Write the data below out again, with each line matching the original.

■ Source data
==============================
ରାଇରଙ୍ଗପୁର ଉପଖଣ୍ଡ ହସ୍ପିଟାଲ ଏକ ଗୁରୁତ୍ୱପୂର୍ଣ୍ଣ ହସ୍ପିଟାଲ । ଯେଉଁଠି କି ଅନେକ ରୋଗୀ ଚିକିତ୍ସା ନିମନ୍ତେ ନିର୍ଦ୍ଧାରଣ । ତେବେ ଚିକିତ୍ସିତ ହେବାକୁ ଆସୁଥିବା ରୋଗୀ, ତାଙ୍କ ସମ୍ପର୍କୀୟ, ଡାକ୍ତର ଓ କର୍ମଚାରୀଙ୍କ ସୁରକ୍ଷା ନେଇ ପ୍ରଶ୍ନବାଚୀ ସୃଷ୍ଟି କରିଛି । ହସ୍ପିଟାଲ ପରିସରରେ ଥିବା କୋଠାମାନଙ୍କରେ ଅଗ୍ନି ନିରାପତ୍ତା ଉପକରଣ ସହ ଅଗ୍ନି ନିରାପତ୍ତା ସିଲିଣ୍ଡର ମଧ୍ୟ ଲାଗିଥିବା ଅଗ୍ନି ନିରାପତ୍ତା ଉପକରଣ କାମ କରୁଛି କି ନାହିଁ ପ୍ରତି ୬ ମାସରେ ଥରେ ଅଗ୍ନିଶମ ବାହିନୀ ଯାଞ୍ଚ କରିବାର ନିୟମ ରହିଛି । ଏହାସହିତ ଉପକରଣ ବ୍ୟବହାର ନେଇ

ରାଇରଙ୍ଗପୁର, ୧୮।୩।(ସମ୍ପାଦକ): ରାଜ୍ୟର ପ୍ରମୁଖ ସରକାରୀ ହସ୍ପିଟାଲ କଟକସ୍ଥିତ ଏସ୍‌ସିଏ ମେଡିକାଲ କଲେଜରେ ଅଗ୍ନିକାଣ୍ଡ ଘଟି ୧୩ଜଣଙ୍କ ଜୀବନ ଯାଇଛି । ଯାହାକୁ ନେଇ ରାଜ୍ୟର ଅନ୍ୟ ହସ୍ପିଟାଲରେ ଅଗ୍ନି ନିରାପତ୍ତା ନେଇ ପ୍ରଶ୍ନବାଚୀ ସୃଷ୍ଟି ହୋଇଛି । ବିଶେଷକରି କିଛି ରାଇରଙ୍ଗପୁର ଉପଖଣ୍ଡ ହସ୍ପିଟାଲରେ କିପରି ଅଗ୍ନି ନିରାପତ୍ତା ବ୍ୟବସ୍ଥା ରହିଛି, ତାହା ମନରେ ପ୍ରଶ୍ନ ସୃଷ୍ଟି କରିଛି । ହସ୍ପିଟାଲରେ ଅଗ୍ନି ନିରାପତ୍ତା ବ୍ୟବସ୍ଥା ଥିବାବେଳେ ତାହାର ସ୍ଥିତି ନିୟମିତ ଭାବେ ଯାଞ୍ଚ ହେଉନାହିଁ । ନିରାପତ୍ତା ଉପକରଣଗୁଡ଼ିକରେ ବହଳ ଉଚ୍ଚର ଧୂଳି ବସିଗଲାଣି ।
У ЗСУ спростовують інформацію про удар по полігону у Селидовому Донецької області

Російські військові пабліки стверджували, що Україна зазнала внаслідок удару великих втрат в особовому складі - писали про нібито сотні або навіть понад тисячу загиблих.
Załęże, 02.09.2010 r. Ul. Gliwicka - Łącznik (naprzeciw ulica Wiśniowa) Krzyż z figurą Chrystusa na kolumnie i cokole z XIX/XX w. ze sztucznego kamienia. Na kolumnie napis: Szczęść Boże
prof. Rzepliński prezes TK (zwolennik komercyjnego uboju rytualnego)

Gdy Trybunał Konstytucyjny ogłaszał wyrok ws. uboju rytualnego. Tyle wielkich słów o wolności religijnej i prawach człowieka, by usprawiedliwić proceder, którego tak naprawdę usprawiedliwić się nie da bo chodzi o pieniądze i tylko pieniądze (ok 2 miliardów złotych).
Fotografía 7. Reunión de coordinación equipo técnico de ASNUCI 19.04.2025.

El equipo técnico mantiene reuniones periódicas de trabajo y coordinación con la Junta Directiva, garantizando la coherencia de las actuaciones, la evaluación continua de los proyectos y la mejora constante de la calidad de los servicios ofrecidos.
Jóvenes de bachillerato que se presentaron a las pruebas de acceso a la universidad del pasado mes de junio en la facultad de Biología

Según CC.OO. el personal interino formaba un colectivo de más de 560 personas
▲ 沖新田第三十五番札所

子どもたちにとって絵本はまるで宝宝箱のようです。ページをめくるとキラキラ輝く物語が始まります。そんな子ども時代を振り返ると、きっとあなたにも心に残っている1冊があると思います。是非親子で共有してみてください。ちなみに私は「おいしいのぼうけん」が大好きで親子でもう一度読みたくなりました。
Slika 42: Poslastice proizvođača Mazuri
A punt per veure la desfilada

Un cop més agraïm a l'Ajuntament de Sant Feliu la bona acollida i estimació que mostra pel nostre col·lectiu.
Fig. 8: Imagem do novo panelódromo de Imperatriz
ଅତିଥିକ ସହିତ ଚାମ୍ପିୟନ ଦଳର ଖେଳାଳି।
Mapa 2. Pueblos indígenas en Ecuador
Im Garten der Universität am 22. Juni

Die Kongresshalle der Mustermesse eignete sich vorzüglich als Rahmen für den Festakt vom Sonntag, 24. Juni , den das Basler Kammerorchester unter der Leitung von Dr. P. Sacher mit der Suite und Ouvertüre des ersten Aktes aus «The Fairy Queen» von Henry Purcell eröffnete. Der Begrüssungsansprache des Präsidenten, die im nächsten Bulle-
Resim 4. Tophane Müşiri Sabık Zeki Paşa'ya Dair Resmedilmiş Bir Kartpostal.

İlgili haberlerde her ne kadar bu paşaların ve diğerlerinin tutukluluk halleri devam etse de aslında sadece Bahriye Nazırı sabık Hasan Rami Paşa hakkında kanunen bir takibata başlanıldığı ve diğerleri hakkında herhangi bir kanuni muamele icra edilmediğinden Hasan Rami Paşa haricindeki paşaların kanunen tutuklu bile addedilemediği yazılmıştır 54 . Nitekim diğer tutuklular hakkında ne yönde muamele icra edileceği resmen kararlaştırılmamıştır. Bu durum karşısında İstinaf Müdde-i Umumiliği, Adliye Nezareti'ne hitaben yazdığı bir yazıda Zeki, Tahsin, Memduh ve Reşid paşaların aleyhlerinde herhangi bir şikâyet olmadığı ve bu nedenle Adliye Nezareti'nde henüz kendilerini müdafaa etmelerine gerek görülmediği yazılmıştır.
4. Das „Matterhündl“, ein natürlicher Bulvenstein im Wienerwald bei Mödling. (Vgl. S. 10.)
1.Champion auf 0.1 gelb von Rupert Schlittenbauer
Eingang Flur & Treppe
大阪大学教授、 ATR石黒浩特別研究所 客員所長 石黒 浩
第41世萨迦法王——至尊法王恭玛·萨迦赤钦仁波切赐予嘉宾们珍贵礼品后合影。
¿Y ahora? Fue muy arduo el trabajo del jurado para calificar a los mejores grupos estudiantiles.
==============================
■ Exercise solution
ରାଇରଙ୍ଗପୁର ଉପଖଣ୍ଡ ହସ୍ପିଟାଲ ଏକ ଗୁରୁତ୍ୱପୂର୍ଣ୍ଣ ହସ୍ପିଟାଲ । ଯେଉଁଠି କି ଅନେକ ରୋଗୀ ଚିକିତ୍ସା ନିମନ୍ତେ ନିର୍ଦ୍ଧାରଣ । ତେବେ ଚିକିତ୍ସିତ ହେବାକୁ ଆସୁଥିବା ରୋଗୀ, ତାଙ୍କ ସମ୍ପର୍କୀୟ, ଡାକ୍ତର ଓ କର୍ମଚାରୀଙ୍କ ସୁରକ୍ଷା ନେଇ ପ୍ରଶ୍ନବାଚୀ ସୃଷ୍ଟି କରିଛି । ହସ୍ପିଟାଲ ପରିସରରେ ଥିବା କୋଠାମାନଙ୍କରେ ଅଗ୍ନି ନିରାପତ୍ତା ଉପକରଣ ସହ ଅଗ୍ନି ନିରାପତ୍ତା ସିଲିଣ୍ଡର ମଧ୍ୟ ଲାଗିଥିବା ଅଗ୍ନି ନିରାପତ୍ତା ଉପକରଣ କାମ କରୁଛି କି ନାହିଁ ପ୍ରତି ୬ ମାସରେ ଥରେ ଅଗ୍ନିଶମ ବାହିନୀ ଯାଞ୍ଚ କରିବାର ନିୟମ ରହିଛି । ଏହାସହିତ ଉପକରଣ ବ୍ୟବହାର ନେଇ

ରାଇରଙ୍ଗପୁର, ୧୮।୩।(ସମ୍ପାଦକ): ରାଜ୍ୟର ପ୍ରମୁଖ ସରକାରୀ ହସ୍ପିଟାଲ କଟକସ୍ଥିତ ଏସ୍‌ସିଏ ମେଡିକାଲ କଲେଜରେ ଅଗ୍ନିକାଣ୍ଡ ଘଟି ୧୩ଜଣଙ୍କ ଜୀବନ ଯାଇଛି । ଯାହାକୁ ନେଇ ରାଜ୍ୟର ଅନ୍ୟ ହସ୍ପିଟାଲରେ ଅଗ୍ନି ନିରାପତ୍ତା ନେଇ ପ୍ରଶ୍ନବାଚୀ ସୃଷ୍ଟି ହୋଇଛି । ବିଶେଷକରି କିଛି ରାଇରଙ୍ଗପୁର ଉପଖଣ୍ଡ ହସ୍ପିଟାଲରେ କିପରି ଅଗ୍ନି ନିରାପତ୍ତା ବ୍ୟବସ୍ଥା ରହିଛି, ତାହା ମନରେ ପ୍ରଶ୍ନ ସୃଷ୍ଟି କରିଛି । ହସ୍ପିଟାଲରେ ଅଗ୍ନି ନିରାପତ୍ତା ବ୍ୟବସ୍ଥା ଥିବାବେଳେ ତାହାର ସ୍ଥିତି ନିୟମିତ ଭାବେ ଯାଞ୍ଚ ହେଉନାହିଁ । ନିରାପତ୍ତା ଉପକରଣଗୁଡ଼ିକରେ ବହଳ ଉଚ୍ଚର ଧୂଳି ବସିଗଲାଣି ।
У ЗСУ спростовують інформацію про удар по полігону у Селидовому Донецької області

Російські військові пабліки стверджували, що Україна зазнала внаслідок удару великих втрат в особовому складі - писали про нібито сотні або навіть понад тисячу загиблих.
Załęże, 02.09.2010 r. Ul. Gliwicka - Łącznik (naprzeciw ulica Wiśniowa) Krzyż z figurą Chrystusa na kolumnie i cokole z XIX/XX w. ze sztucznego kamienia. Na kolumnie napis: Szczęść Boże
prof. Rzepliński prezes TK (zwolennik komercyjnego uboju rytualnego)

Gdy Trybunał Konstytucyjny ogłaszał wyrok ws. uboju rytualnego. Tyle wielkich słów o wolności religijnej i prawach człowieka, by usprawiedliwić proceder, którego tak naprawdę usprawiedliwić się nie da bo chodzi o pieniądze i tylko pieniądze (ok 2 miliardów złotych).
Fotografía 7. Reunión de coordinación equipo técnico de ASNUCI 19.04.2025.

El equipo técnico mantiene reuniones periódicas de trabajo y coordinación con la Junta Directiva, garantizando la coherencia de las actuaciones, la evaluación continua de los proyectos y la mejora constante de la calidad de los servicios ofrecidos.
Jóvenes de bachillerato que se presentaron a las pruebas de acceso a la universidad del pasado mes de junio en la facultad de Biología

Según CC.OO. el personal interino formaba un colectivo de más de 560 personas
▲ 沖新田第三十五番札所

子どもたちにとって絵本はまるで宝宝箱のようです。ページをめくるとキラキラ輝く物語が始まります。そんな子ども時代を振り返ると、きっとあなたにも心に残っている1冊があると思います。是非親子で共有してみてください。ちなみに私は「おいしいのぼうけん」が大好きで親子でもう一度読みたくなりました。
Slika 42: Poslastice proizvođača Mazuri
A punt per veure la desfilada

Un cop més agraïm a l'Ajuntament de Sant Feliu la bona acollida i estimació que mostra pel nostre col·lectiu.
Fig. 8: Imagem do novo panelódromo de Imperatriz
ଅତିଥିକ ସହିତ ଚାମ୍ପିୟନ ଦଳର ଖେଳାଳି।
Mapa 2. Pueblos indígenas en Ecuador
Im Garten der Universität am 22. Juni

Die Kongresshalle der Mustermesse eignete sich vorzüglich als Rahmen für den Festakt vom Sonntag, 24. Juni , den das Basler Kammerorchester unter der Leitung von Dr. P. Sacher mit der Suite und Ouvertüre des ersten Aktes aus «The Fairy Queen» von Henry Purcell eröffnete. Der Begrüssungsansprache des Präsidenten, die im nächsten Bulle-
Resim 4. Tophane Müşiri Sabık Zeki Paşa'ya Dair Resmedilmiş Bir Kartpostal.

İlgili haberlerde her ne kadar bu paşaların ve diğerlerinin tutukluluk halleri devam etse de aslında sadece Bahriye Nazırı sabık Hasan Rami Paşa hakkında kanunen bir takibata başlanıldığı ve diğerleri hakkında herhangi bir kanuni muamele icra edilmediğinden Hasan Rami Paşa haricindeki paşaların kanunen tutuklu bile addedilemediği yazılmıştır 54 . Nitekim diğer tutuklular hakkında ne yönde muamele icra edileceği resmen kararlaştırılmamıştır. Bu durum karşısında İstinaf Müdde-i Umumiliği, Adliye Nezareti'ne hitaben yazdığı bir yazıda Zeki, Tahsin, Memduh ve Reşid paşaların aleyhlerinde herhangi bir şikâyet olmadığı ve bu nedenle Adliye Nezareti'nde henüz kendilerini müdafaa etmelerine gerek görülmediği yazılmıştır.
4. Das „Matterhündl“, ein natürlicher Bulvenstein im Wienerwald bei Mödling. (Vgl. S. 10.)
1.Champion auf 0.1 gelb von Rupert Schlittenbauer
Eingang Flur & Treppe
大阪大学教授、 ATR石黒浩特別研究所 客員所長 石黒 浩
第41世萨迦法王——至尊法王恭玛·萨迦赤钦仁波切赐予嘉宾们珍贵礼品后合影。
¿Y ahora? Fue muy arduo el trabajo del jurado para calificar a los mejores grupos estudiantiles.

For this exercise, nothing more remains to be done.